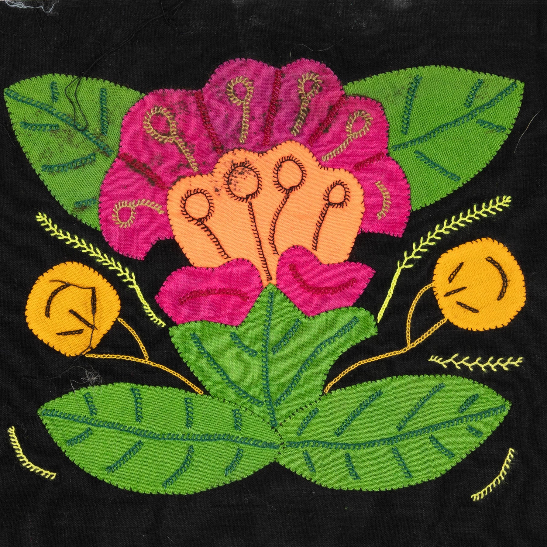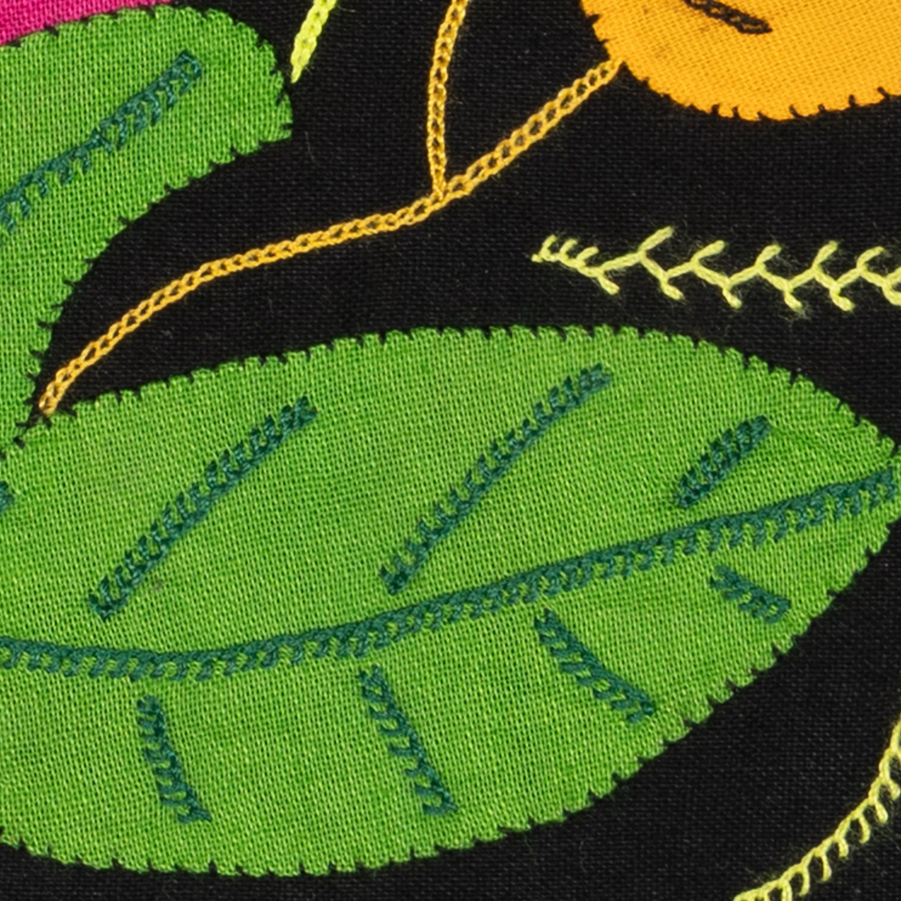 • Reverse appliqué design with layered cotton fabric and vivid colors
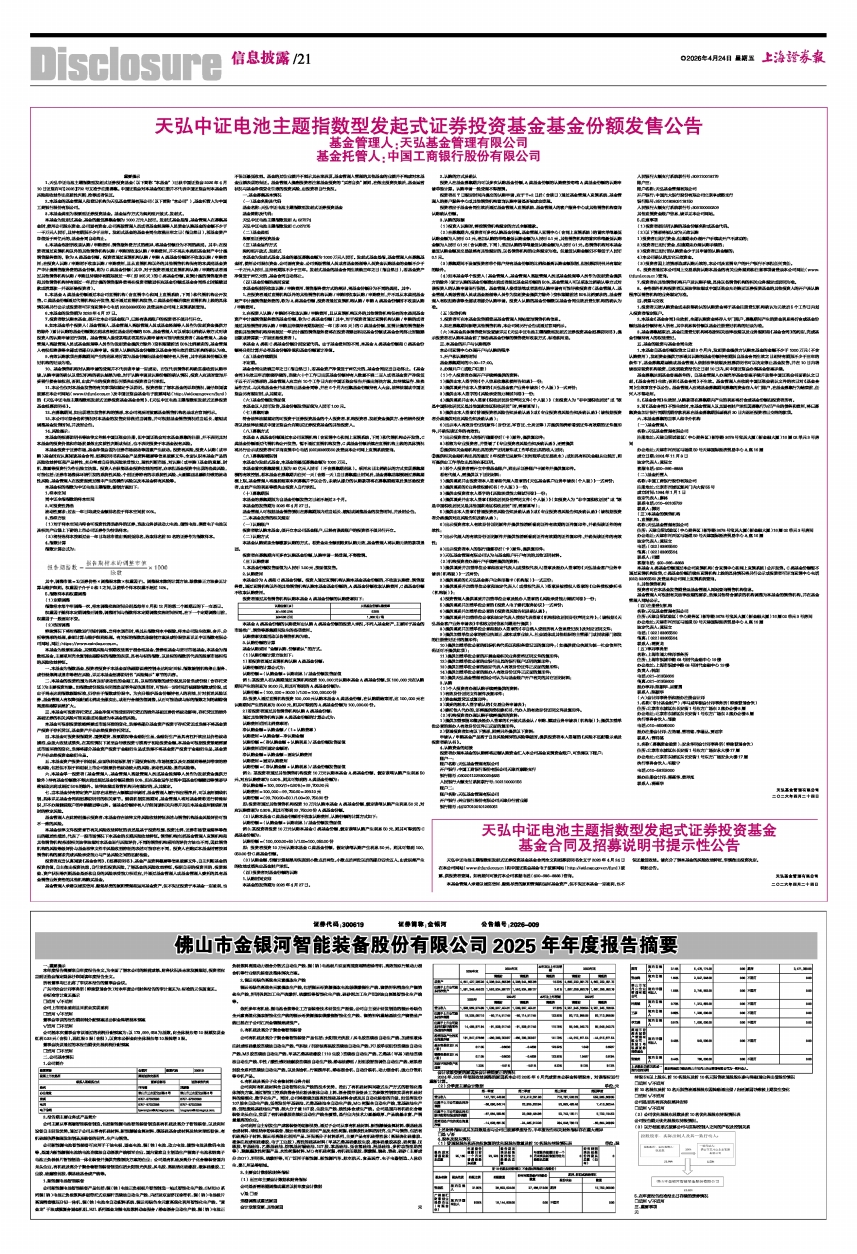 天弘中证电池主题指数型发起式证券投资基金基金合同全文和招募说明书全文于2026年4月24日在本公司网站(www.thfund.com.cn)和中国证监会基金电子披露网站(http://eid.csrc.gov.cn/fund)披露,供投资者查阅。如有疑问可拨打本公司客服电话(400-986-8888)咨询。
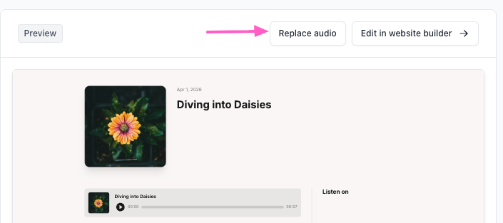 - (Optional) On the Preview panel, you can select Replace audio to swap the current file, or Edit in website builder to customize the Podcast page (updates are applied to all podcast episodes).
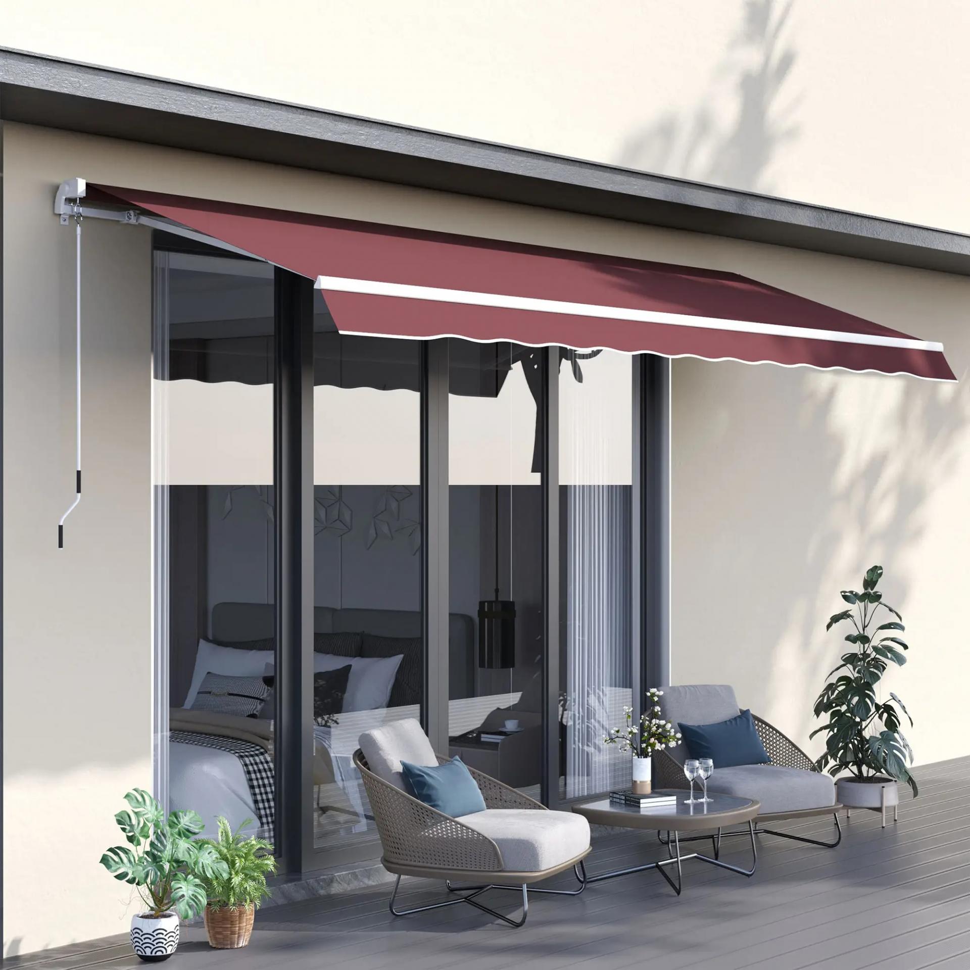 Toldo Retráctil Manual 3,5x2,5 m con Ángulo Ajustable Manivela Estructura de Aluminio y Protección UPF30+ Rojo Vino
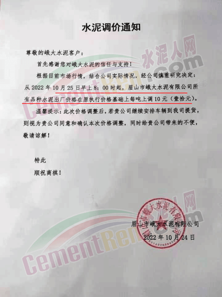 四川眉山多家水泥企业通知上调水泥价格10元/吨,经销商表示,这是“温柔一刀”。
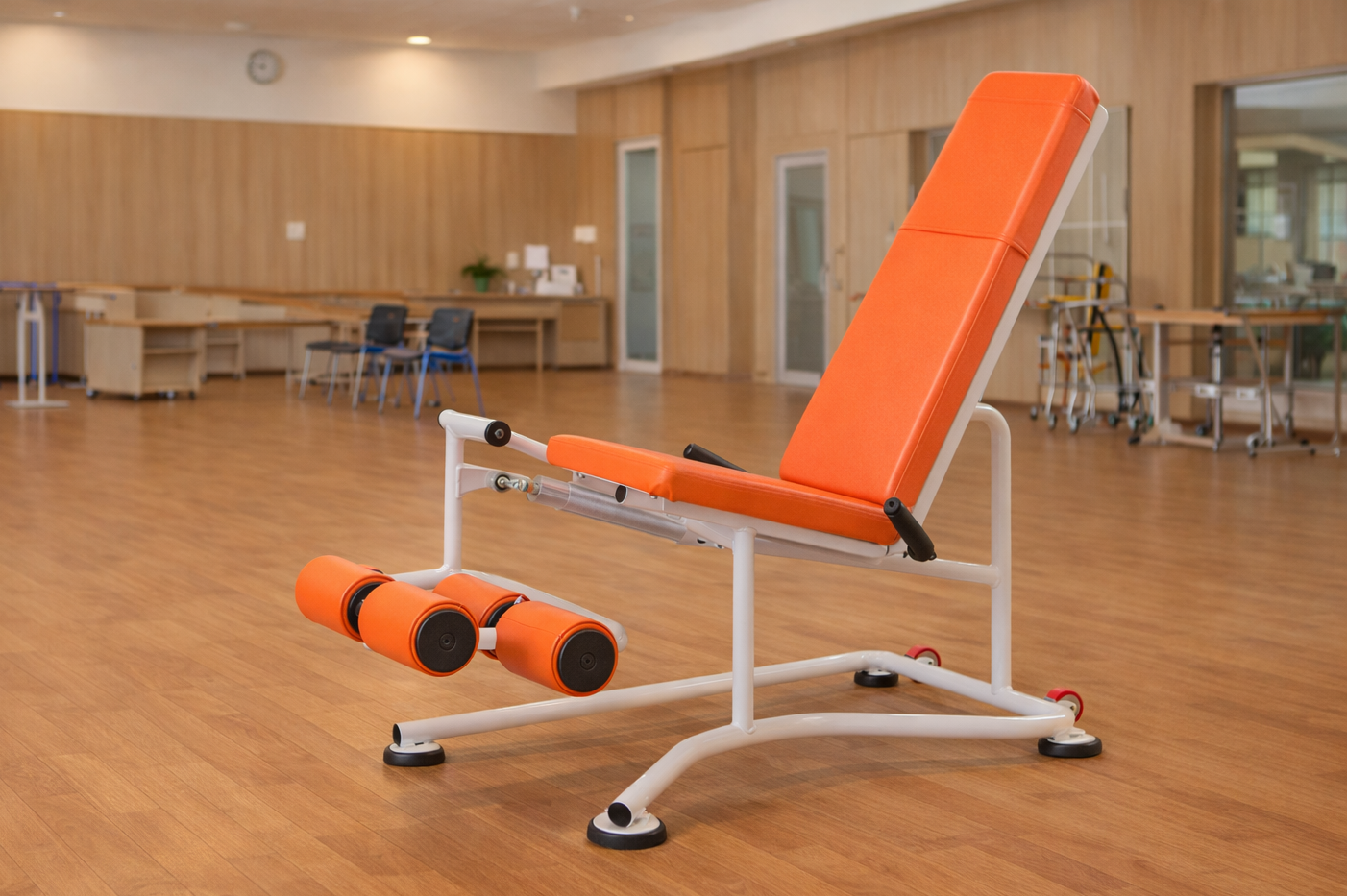 油圧マシンで生活動作能力を支える基礎的体力の低下を抑え、総合的な機能を維持し、また、広いフロアを使い歩行能力の向上を目指します。
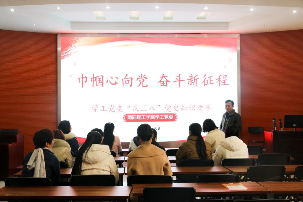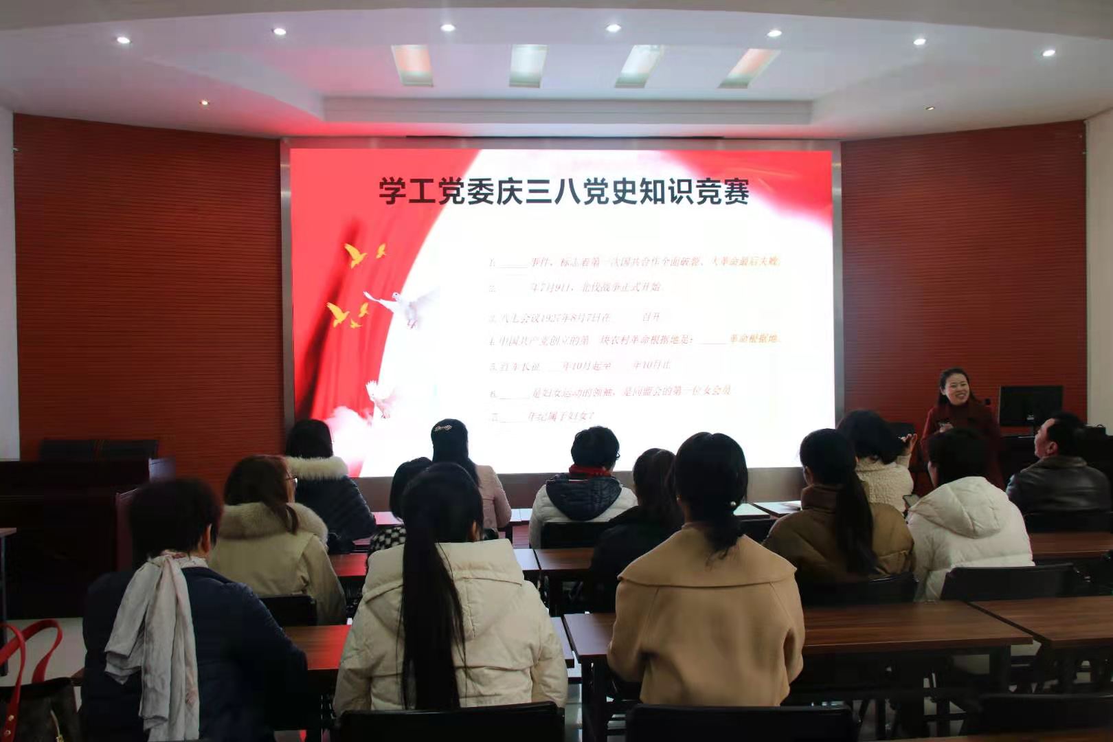 3月8日上午10时,学工分工会举办“巾帼心向党 奋斗新征程”庆祝“三八”妇女节党史知识竞赛活动,为党史学习教育营造氛围,同时给女同胞送上节日的祝福。
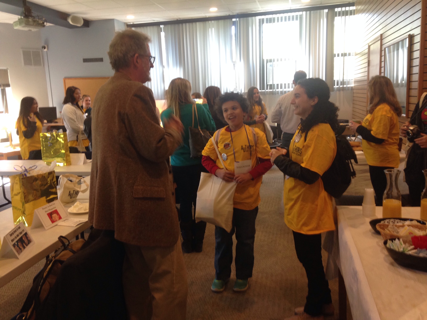 Furthermore, two teen volunteers were matched with each author --- they showed their "charge" where to go throughout the day and ate lunch with him or her. One of Matt Blackstone’s teen volunteers said that the meal was definitely her favorite part of the day --- they talked about “the same things I talk about with my friends --- fan fiction and superheroes.”
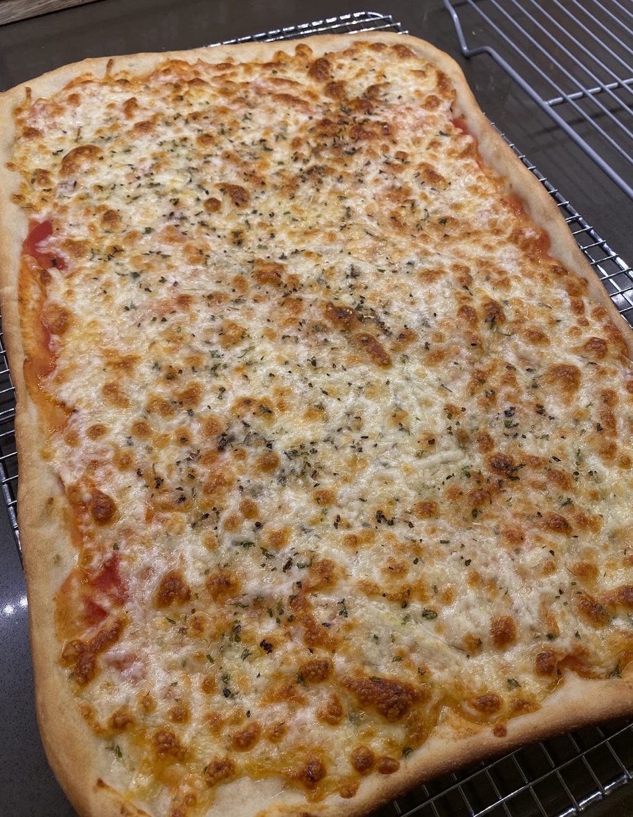 Slice and serve however your heart desires. This pizza reheats wonderfully for lunch the next day. Set the oven to 450* F, place the pieces you’d like on a baking sheet and set a time for 5 minutes. I even reheat my pizza in the air fryer and that does just fine.

────

_Directions for this task_
Using the records above, output their complete text exactly, minus any images.

_Finished task_
 • Reverse appliqué design with layered cotton fabric and vivid colors
 天弘中证电池主题指数型发起式证券投资基金基金合同全文和招募说明书全文于2026年4月24日在本公司网站(www.thfund.com.cn)和中国证监会基金电子披露网站(http://eid.csrc.gov.cn/fund)披露,供投资者查阅。如有疑问可拨打本公司客服电话(400-986-8888)咨询。
 - (Optional) On the Preview panel, you can select Replace audio to swap the current file, or Edit in website builder to customize the Podcast page (updates are applied to all podcast episodes).
 Toldo Retráctil Manual 3,5x2,5 m con Ángulo Ajustable Manivela Estructura de Aluminio y Protección UPF30+ Rojo Vino
 四川眉山多家水泥企业通知上调水泥价格10元/吨,经销商表示,这是“温柔一刀”。
 油圧マシンで生活動作能力を支える基礎的体力の低下を抑え、総合的な機能を維持し、また、広いフロアを使い歩行能力の向上を目指します。
 3月8日上午10时,学工分工会举办“巾帼心向党 奋斗新征程”庆祝“三八”妇女节党史知识竞赛活动,为党史学习教育营造氛围,同时给女同胞送上节日的祝福。
 Furthermore, two teen volunteers were matched with each author --- they showed their "charge" where to go throughout the day and ate lunch with him or her. One of Matt Blackstone’s teen volunteers said that the meal was definitely her favorite part of the day --- they talked about “the same things I talk about with my friends --- fan fiction and superheroes.”
 Slice and serve however your heart desires. This pizza reheats wonderfully for lunch the next day. Set the oven to 450* F, place the pieces you’d like on a baking sheet and set a time for 5 minutes. I even reheat my pizza in the air fryer and that does just fine.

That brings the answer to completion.